3.5. Cytocompatibility and Dose-Dependent Cellular Response

The cytocompatibility results (Figure 5a) demonstrate that PG0 and PG1 preserve high cell viability (>90%) for 72 h, while PG2 shows a moderate but significantly decreased (~75%) cell viability. These results are confirmed by live/dead imaging (Figure 5b), with more dead cells at higher DEX concentration.
This trend is analogous to the well-characterised dose-dependent biological response to glucocorticoids, in which low concentrations induce anti-inflammatory effects without impairing cell proliferation, whereas higher concentrations can result in cytotoxicity. It is important to mention that all samples are above the ISO cytotoxicity threshold, confirming an overall biocompatibility [29].
These findings point to a critical trade-off: higher drug loading improves therapeutic efficacy but narrows the cytocompatibility window, implying that optimised dosing is preferred over maximal loading.
PG1 maintains a high level of cytocompatibility similar to control, while PG2 shows a moderate decrease owing to higher drug loading. Data are represented as mean ± SD (n ≥ 3).

3.6. Cell Adhesion and Cytoskeletal Adaptation

Fluorescence images of fibroblasts attaching and spreading well on PG0 and PG1 nanofibres show well-defined actin networks and organised nuclei. The mild rounding with respect to planar controls indicates an adaptation to the three-dimensional fibrous architecture, providing topographical cues rather than flat substrates.
Cell adhesion and cytoskeletal organisation are not affected by the presence of 1 wt% DEX, which shows that the polymer matrix retains its biointeractive function after drug loading. This is very important for wound-healing application, where interaction of scaffold with cell plays a crucial role in tissue regeneration [30]. Cellular adhesion and cytoskeletal organisation on nanofibre mats are shown in Figure 6.

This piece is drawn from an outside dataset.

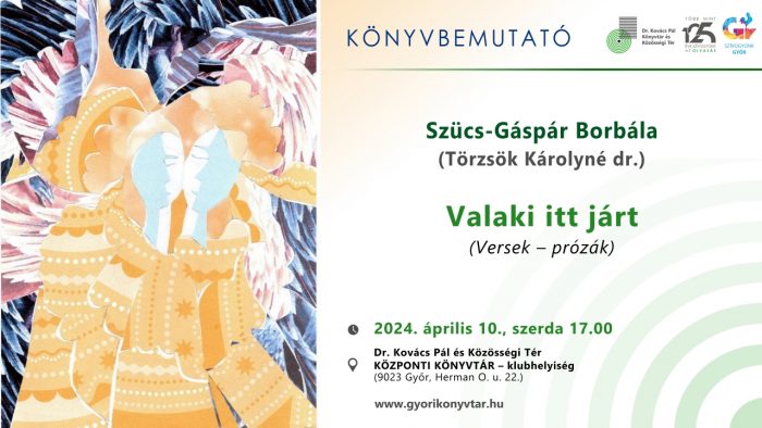2024. április 10-én (szerda) 17 órakor a Dr. Kovács Pál Könyvtár központi könyvtár – klubhelyiségében (9023 Győr, Herman O. u. 22.) Szücs-Gáspár Borbála (Törzsök Károlyné dr.) mutatja be Valaki itt járt (Versek – prózák) című kötetét.
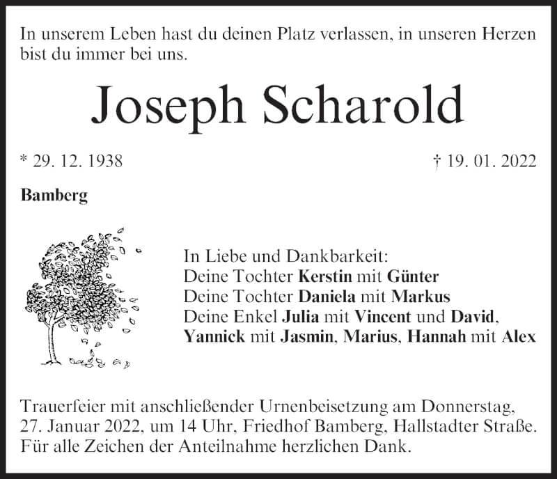 Hier finden Sie alle Traueranzeigen aus der Zeitung, die bisher für Joseph Scharold erschienen sind. Weitere Traueranzeigen, die in der Zeitung erscheinen, werden hier ebenfalls aufgelistet

3.7. Structure–Transport Coupling in Drug Release

The drug release profiles (Figure 7c,d) show a significant change in release characteristics with an increase in DEX loading. PG2 showed a very high initial burst release, while PG1 showed a relatively slow and controlled release pattern.
This variation is directly related to the morphological observations in Figure 3. The high density of crystals on the surface of PG2 provides a readily available reservoir of drug and results in a fast dissolution in aqueous environments. On the other hand, PG1 has a higher fraction of drug entrapped inside, which has to diffuse out of the polymer matrix.
The release mechanism can therefore be described as a two-component system:
  • Surface-associated drug → burst release
  • Matrix-embedded drug → diffusion-controlled release
As the drug loading changes, the relative contribution of these changes forms a direct structure–transport relationship. This is an important finding because it demonstrates that drug loading does not simply scale the amount of drug released but actually alters the release mechanism itself [31,32].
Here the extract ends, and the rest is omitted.